Only the lines below between the one holding "(1923-1978) An original" and the one holding "A trio of oval", inclusive, are to be reproduced word for word; the pictures are to be left out.

====== MATERIAL FOR THIS TASK

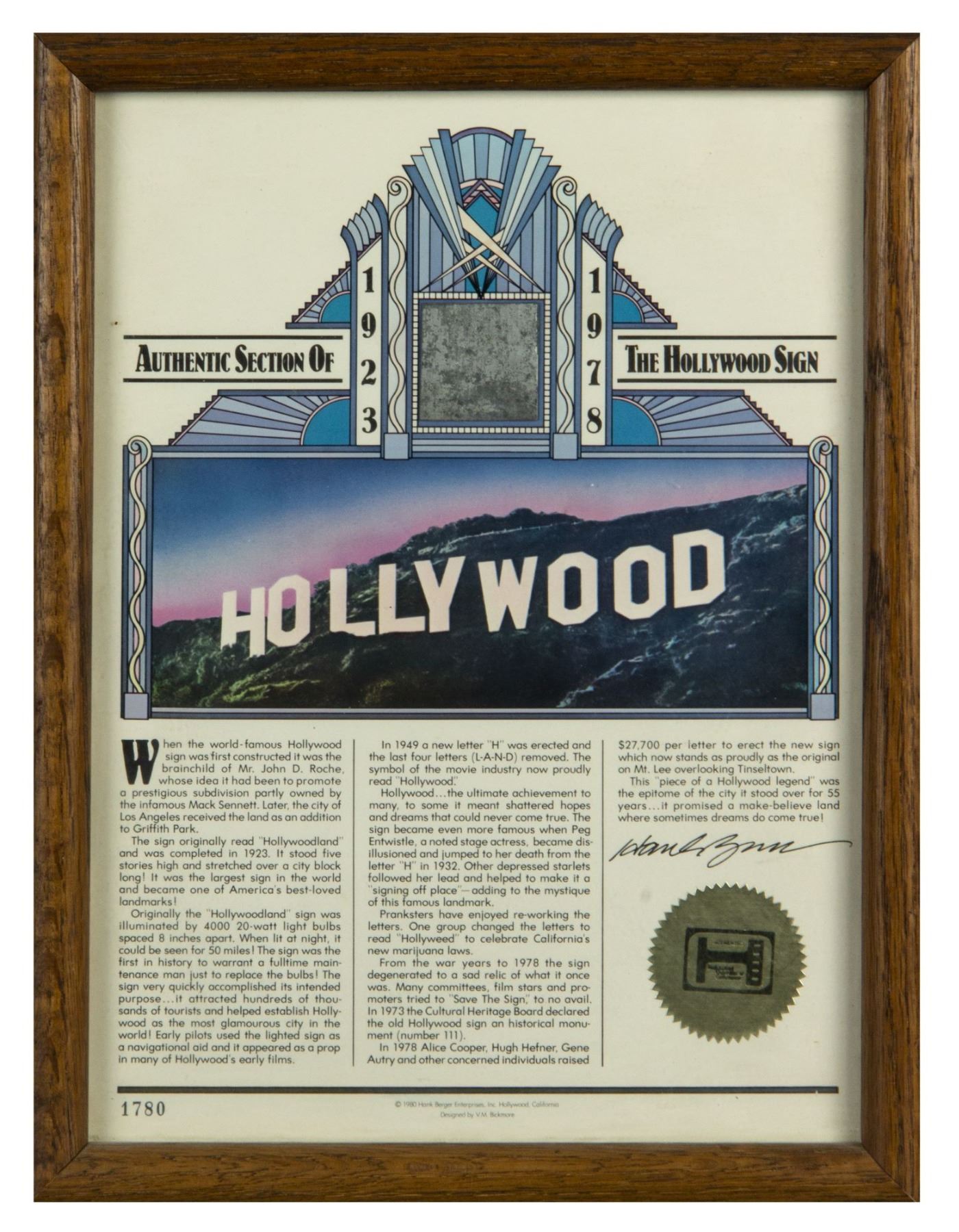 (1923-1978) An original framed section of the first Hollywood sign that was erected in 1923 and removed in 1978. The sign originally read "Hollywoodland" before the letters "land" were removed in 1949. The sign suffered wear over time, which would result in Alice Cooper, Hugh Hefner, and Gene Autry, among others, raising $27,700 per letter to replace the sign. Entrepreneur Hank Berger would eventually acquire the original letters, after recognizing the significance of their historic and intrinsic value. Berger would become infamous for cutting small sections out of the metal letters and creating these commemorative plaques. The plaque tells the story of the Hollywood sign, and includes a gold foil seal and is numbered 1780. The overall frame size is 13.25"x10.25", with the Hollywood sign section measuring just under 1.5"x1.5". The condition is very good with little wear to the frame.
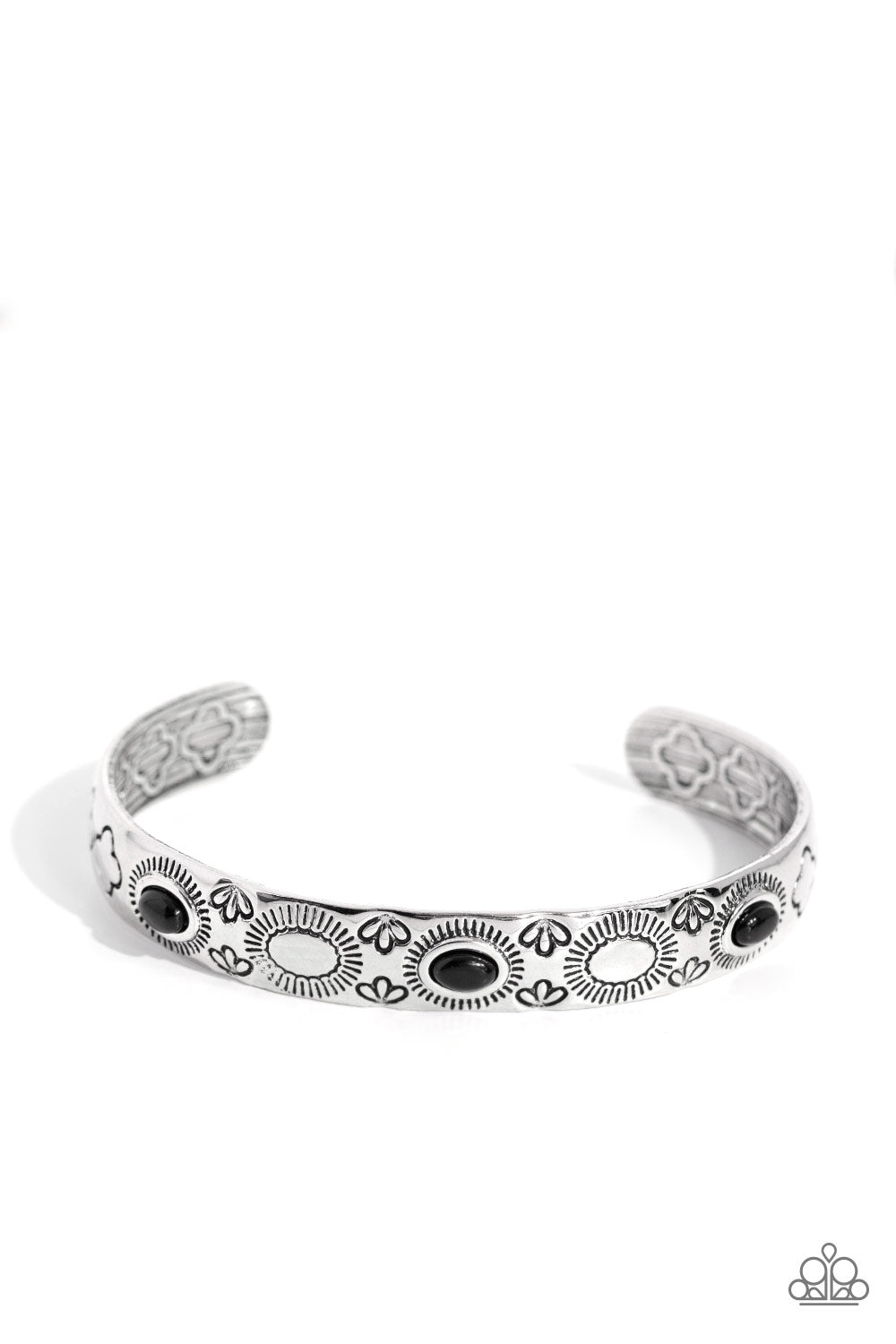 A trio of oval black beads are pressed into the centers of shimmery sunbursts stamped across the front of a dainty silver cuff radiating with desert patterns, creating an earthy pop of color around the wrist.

============
====== MATERIAL FOR THIS TASK

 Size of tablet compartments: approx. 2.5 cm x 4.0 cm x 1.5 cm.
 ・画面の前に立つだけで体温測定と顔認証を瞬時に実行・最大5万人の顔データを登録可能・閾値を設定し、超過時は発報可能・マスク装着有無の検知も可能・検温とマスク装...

============

### [EXERCISE OUTPUT]
 (1923-1978) An original framed section of the first Hollywood sign that was erected in 1923 and removed in 1978. The sign originally read "Hollywoodland" before the letters "land" were removed in 1949. The sign suffered wear over time, which would result in Alice Cooper, Hugh Hefner, and Gene Autry, among others, raising $27,700 per letter to replace the sign. Entrepreneur Hank Berger would eventually acquire the original letters, after recognizing the significance of their historic and intrinsic value. Berger would become infamous for cutting small sections out of the metal letters and creating these commemorative plaques. The plaque tells the story of the Hollywood sign, and includes a gold foil seal and is numbered 1780. The overall frame size is 13.25"x10.25", with the Hollywood sign section measuring just under 1.5"x1.5". The condition is very good with little wear to the frame.
 A trio of oval black beads are pressed into the centers of shimmery sunbursts stamped across the front of a dainty silver cuff radiating with desert patterns, creating an earthy pop of color around the wrist.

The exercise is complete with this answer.